Consensus Establishes Some Private Student Loans Can Be Forfeited in Bankruptcy | Nelson Mullins Riley & Scarborough LLP

Last month, the United States Court of Appeals for the Second Circuit, in Homaidan vs. Sallie Mae, Inc., 3 F.4th 595 (2d Cir. 2021), upheld a New York federal court’s ruling that private student loans are not explicitly exempt from discharge in a Chapter 7 bankruptcy, opening the door to more borrowers seeking student debt relief.

In the ruling, the Second Circuit sided with an Emerson College alumnus who was seeking to eliminate through bankruptcy the $12,567 in private student loans he took out to fund his education. Government-backed student loans are almost impossible to erase in the event of bankruptcy. To qualify, borrowers must demonstrate that continuing to repay would impose “undue hardship,” a standard so high that few even attempt to meet it. This student’s lender, Navient Solutions LLC, argued that its private loans should be treated the same way. But the Second Circuit disagreed, saying certain types of private educational loans can be canceled through the bankruptcy process without undue hardship.

In the opinion written by US Circuit Court Judge Dennis Jacobs, the three-judge panel decided that Section 523(a)(8) of the US Bankruptcy Code does not provide a general exception to the applicability of a Discharge from Bankruptcy to Private Loans to Student Borrowers.

Subsection A(ii) of Section 523(a)(8) allows exclusion from the discharge of an “obligation to repay funds received as an educational benefit, scholarship, or stipend”, and Navient argued in the lower court proceeding that this covered private student loans made to the debtor here.

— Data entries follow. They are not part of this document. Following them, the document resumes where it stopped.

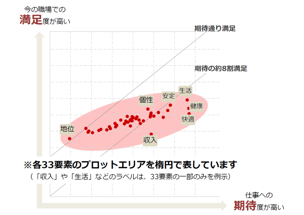 働く幸せの33要素を「仕事への期待度」と「今の職場での満足度」でプロットしたエリアを楕円で表現。各分析結果は、この楕円で示されたプロットエリアと、33要素の平均を表示しています。
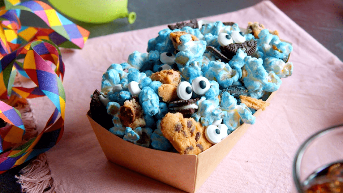 3.2 Vermenge alles gut miteinander und fülle das Popcorn in eine Schüssel. Dekoriere das Krümelmonster-Popcorn noch mit Zuckeraugen.
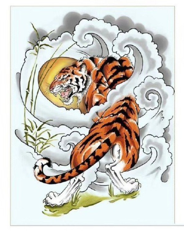 满背老虎手稿--几张适合满背纹身的老虎手稿图案
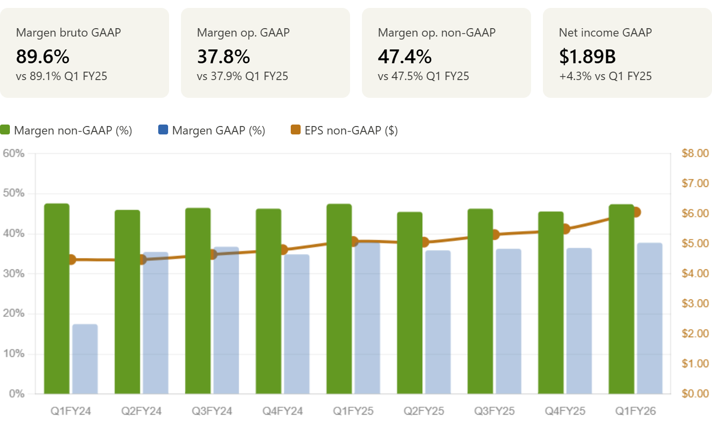 Mantener un margen operativo non-GAAP del 47.4% mientras se invierte agresivamente en IA es uno de los logros de este trimestre.

According to the court, interpreting subsection A(ii) as applying to loans made by Navient would have the effect of exempting virtually all types of student loans from bankruptcy discharge: “According to Navient’s interpretation of this provision, the term ‘educational benefit’ would encompass virtually all private student loans”, “But this reading cannot be reconciled with the text and structure of Section 523(a)(8) , both of which confirm that Section 523(a)(8)(A)(ii) excludes from discharge a much narrower category of debts.”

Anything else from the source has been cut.